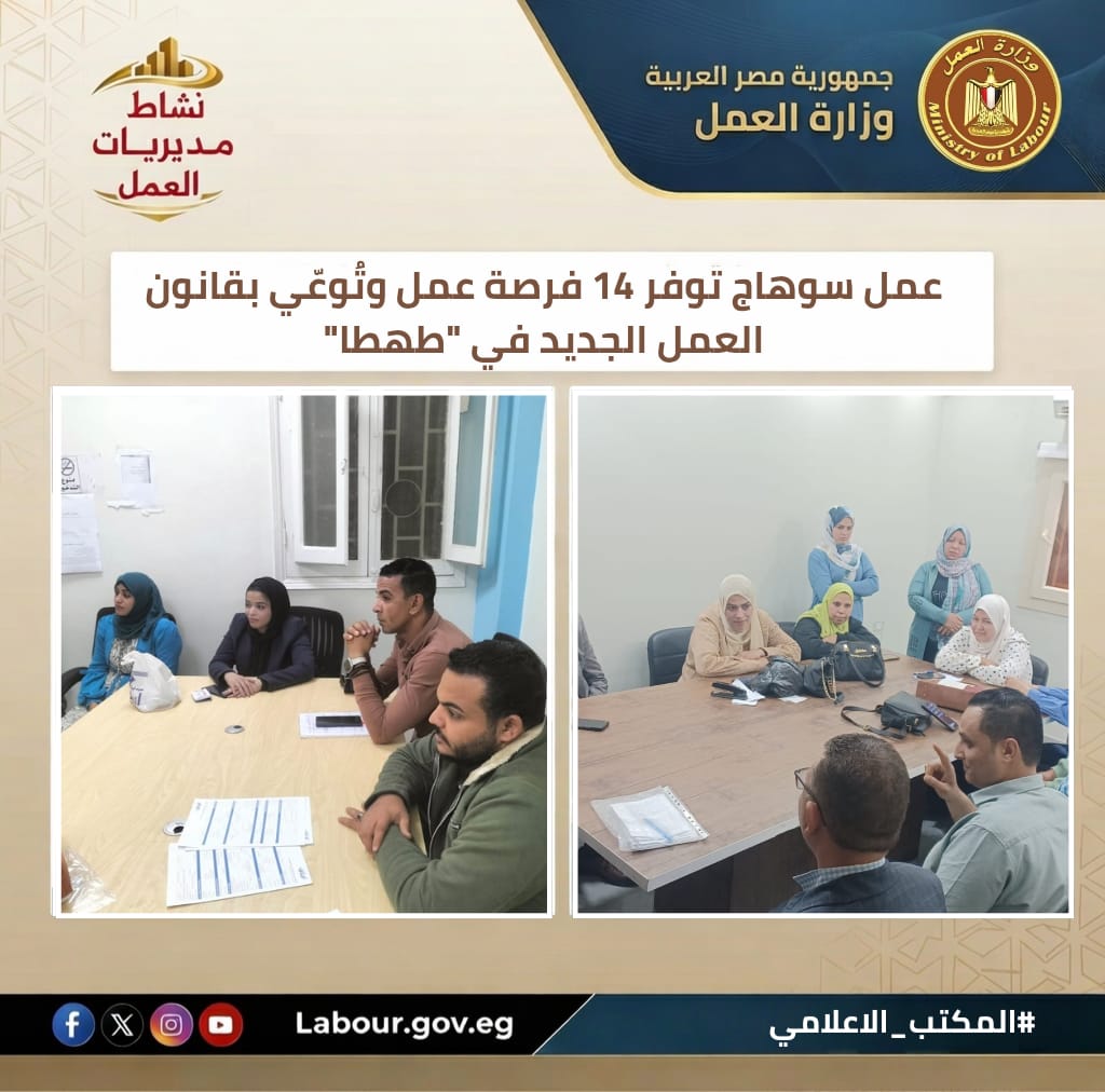 14. توفير 14 فرصة عمل وشرح قانون العمل الجديد بمدينة طهطا
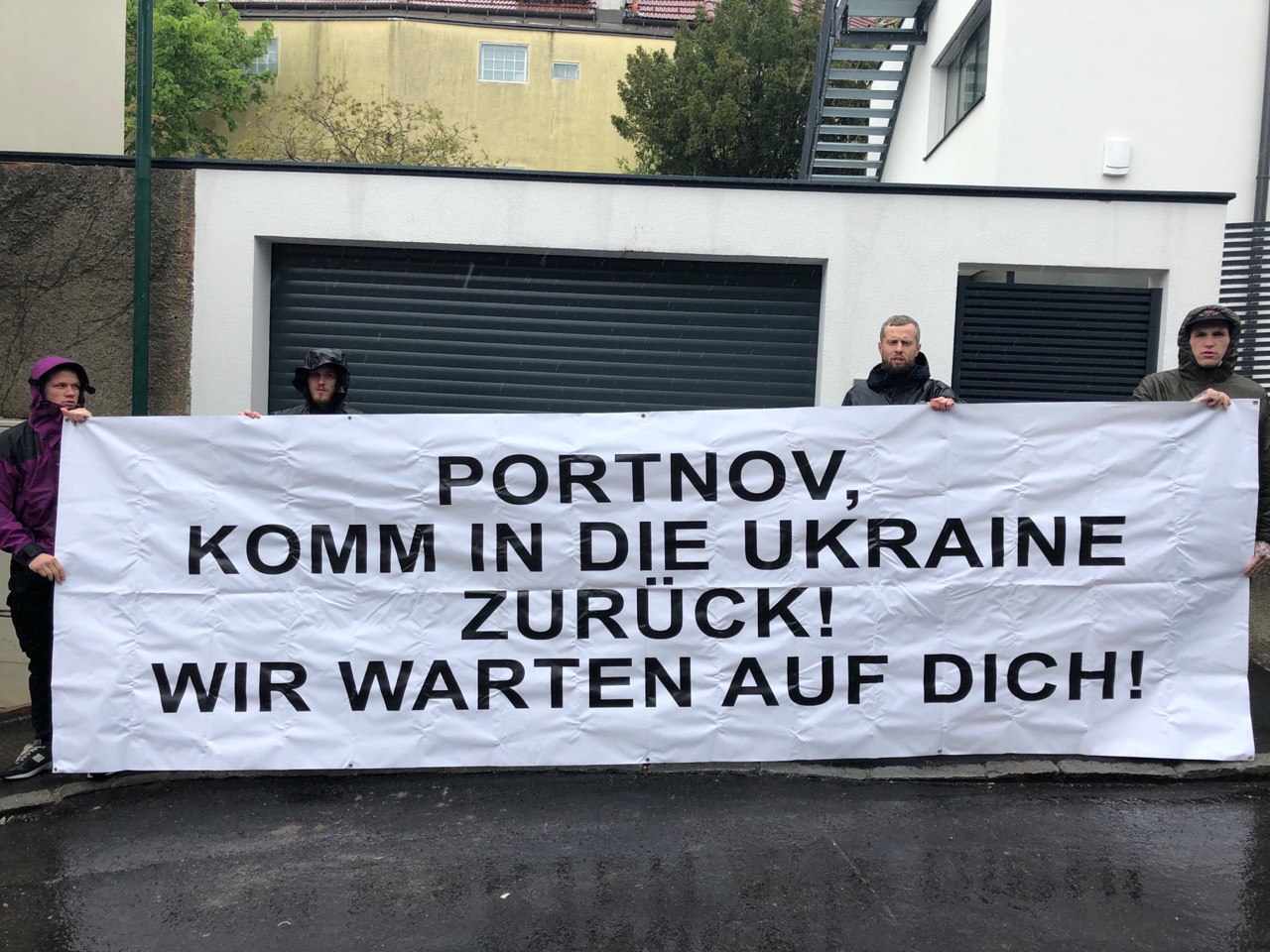 Сьогодні біля його будинку в Австрії хлопцями з Речового доказу було проведено акцію. На плакаті написано «Портнов, повертайся в Україну. Ми на тебе чекаємо.»
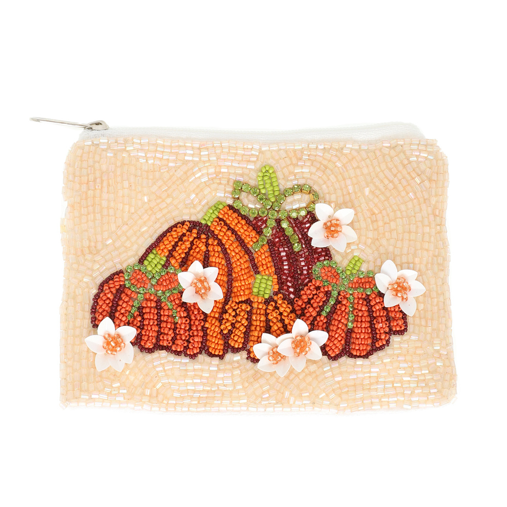 FLORAL PUMPKIN PATCH SEED BEAD EMBROIDERED COIN BAG
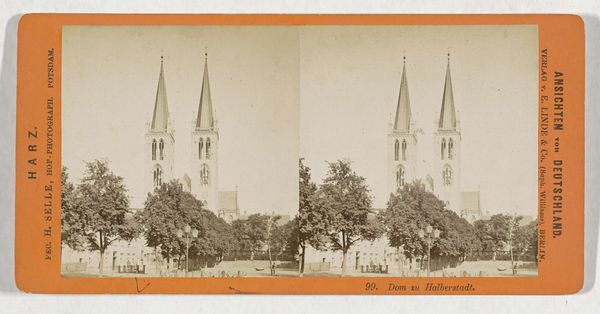 Editor: So, here we have Hermann Selle's photograph, "Onze-Lieve-Vrouwenkerk in Halberstadt," taken sometime between 1868 and 1890. It's a striking cityscape; the church feels both imposing and serene, viewed through the screen of trees. What do you see when you look at this piece? Curator: Beyond the obvious architectural subject, I see a powerful statement about the relationship between religious institutions and secular power during the late 19th century. The framing of the church – partially obscured by the trees, yet still dominant in the landscape – speaks to a tension. Editor: Tension? Could you elaborate? Curator: Consider the historical context. This photograph was taken during the rise of German nationalism and a period of secularization. How might the photographer be positioning the church – and by extension, religion – within this shifting societal landscape? Is Selle critiquing or celebrating? The formal elements offer clues, but we must consider the social undercurrents to fully understand the message. Does the Church support nationalism? Is nationalism superseding religion as an ideology? Editor: I hadn’t thought about it that way. I was so focused on the aesthetics that I missed the potential commentary on society and politics. Curator: Exactly! This image offers us a lens to explore the complex interplay between faith, power, and national identity during a pivotal era in European history. Photography was new at the time: what possibilities did that open for commenting on identity, or politics? Editor: So much to think about! It's amazing how one image can hold so many layers of meaning when viewed through a critical and historical lens. Curator: Precisely. And that's the beauty of engaging with art – it's a constant process of questioning, contextualizing, and reinterpreting. We see history through the object.

Required action:
Copy the material exactly as written and leave every picture behind.

Exercise output:
 14. توفير 14 فرصة عمل وشرح قانون العمل الجديد بمدينة طهطا
 Сьогодні біля його будинку в Австрії хлопцями з Речового доказу було проведено акцію. На плакаті написано «Портнов, повертайся в Україну. Ми на тебе чекаємо.»
 FLORAL PUMPKIN PATCH SEED BEAD EMBROIDERED COIN BAG
 Editor: So, here we have Hermann Selle's photograph, "Onze-Lieve-Vrouwenkerk in Halberstadt," taken sometime between 1868 and 1890. It's a striking cityscape; the church feels both imposing and serene, viewed through the screen of trees. What do you see when you look at this piece? Curator: Beyond the obvious architectural subject, I see a powerful statement about the relationship between religious institutions and secular power during the late 19th century. The framing of the church – partially obscured by the trees, yet still dominant in the landscape – speaks to a tension. Editor: Tension? Could you elaborate? Curator: Consider the historical context. This photograph was taken during the rise of German nationalism and a period of secularization. How might the photographer be positioning the church – and by extension, religion – within this shifting societal landscape? Is Selle critiquing or celebrating? The formal elements offer clues, but we must consider the social undercurrents to fully understand the message. Does the Church support nationalism? Is nationalism superseding religion as an ideology? Editor: I hadn’t thought about it that way. I was so focused on the aesthetics that I missed the potential commentary on society and politics. Curator: Exactly! This image offers us a lens to explore the complex interplay between faith, power, and national identity during a pivotal era in European history. Photography was new at the time: what possibilities did that open for commenting on identity, or politics? Editor: So much to think about! It's amazing how one image can hold so many layers of meaning when viewed through a critical and historical lens. Curator: Precisely. And that's the beauty of engaging with art – it's a constant process of questioning, contextualizing, and reinterpreting. We see history through the object.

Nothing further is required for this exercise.